You can definitely view live tv over 3G with the Orb Live app without having your iPhone pwned or tricked into thinking it's on WiFi. I use 3G to watch tv whenever I don't have a WiFi connection available. Works just fine with 3G, just not quite as good video quality with more frequent buffering.


----------



## azcoyote85044

Maui said:


> That is very cool but how close to the receiver do you have to be?
> 
> I understand the iphone 3.0 OS is supposed to open up the broadband and allow things like SMS with photos.


To use Orb, you have to run an s-video and audio cables from the Directv receiver to the PC tv tuner, as well as an ir blaster cable, so it can't be more than a few feet away. 6 feet is probably about the limit.


----------



## Brandon428

azcoyote85044 said:


> You can definitely view live tv over 3G with the Orb Live app without having your iPhone pwned or tricked into thinking it's on WiFi.

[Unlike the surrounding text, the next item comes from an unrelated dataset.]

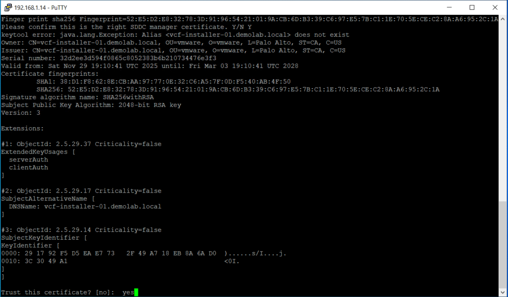 Next you need to trust the certificate of the VCF installer and it will be added to the Keystore automatically.
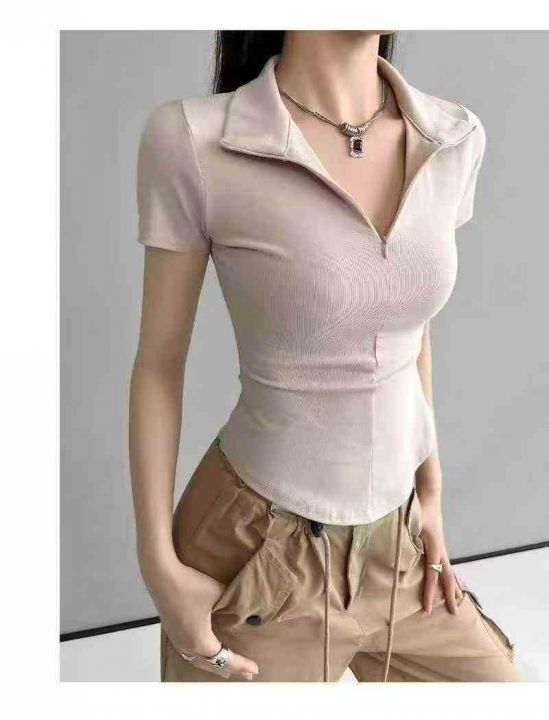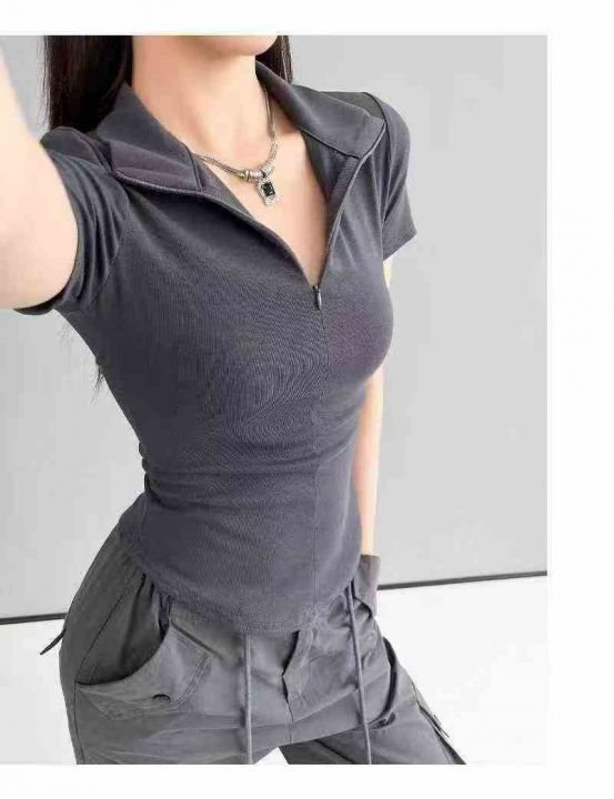 [發]纯欲拉链翻领辣妹短袖体恤170件

I use 3G to watch tv whenever I don't have a WiFi connection available. Works just fine with 3G, just not quite as good video quality with more frequent buffering.


Oh,they must have updated it,I haven't used it in a while.


----------



## cadams8221218

do you have to have windows media center edition to stream direct tv from your set top box to orb. I have XP home, will this do.


----------



## ticket

SlingMedia had announced towards the end of March that they have submitted their long awaited iPhone app - SlingPlayer Mobile to the App Store for approval.

Its almost three weeks now and SlingPlayer for iPhone is still not available on the App Store. In fact we are hearing rumors that Apple might have rejected the iPhone app based on AT&T's request
more info...
http://www.iphonehacks.com/2009/04/...-iphone-rejected-from-the-app-store.html#more

another site...
Slingplayer for iPhone rejected by Apple/AT&T
http://www.9to5mac.com/sling-app-rejected


----------



## fleadog99

The slingplayer Iphone app will not work on 3g unless you jb and trick it in to using wifi. I just ordered the hauppage unit that you suggested through dell and with this discount code 65G7RQ11J?M2LH I got 15% off. so for 120.00 including tax and free shipping this is way cheaper than having slingbox and it works over 3g woohoo.


----------



## stbluesrul

Is it not possible to use the IR blaster port on the WinTV tuner to control the DirecTV receiver from Windows MCE? I'm guessing that it just works as a pass-through with the remote that comes with the WinTV tuner and thats why you need the extra IR blaster/reciever module?


----------



## Stuart Sweet

Folks, this is a really old thread. Let's start a new one for this topic if there's anything to say. 

Thanks.


----------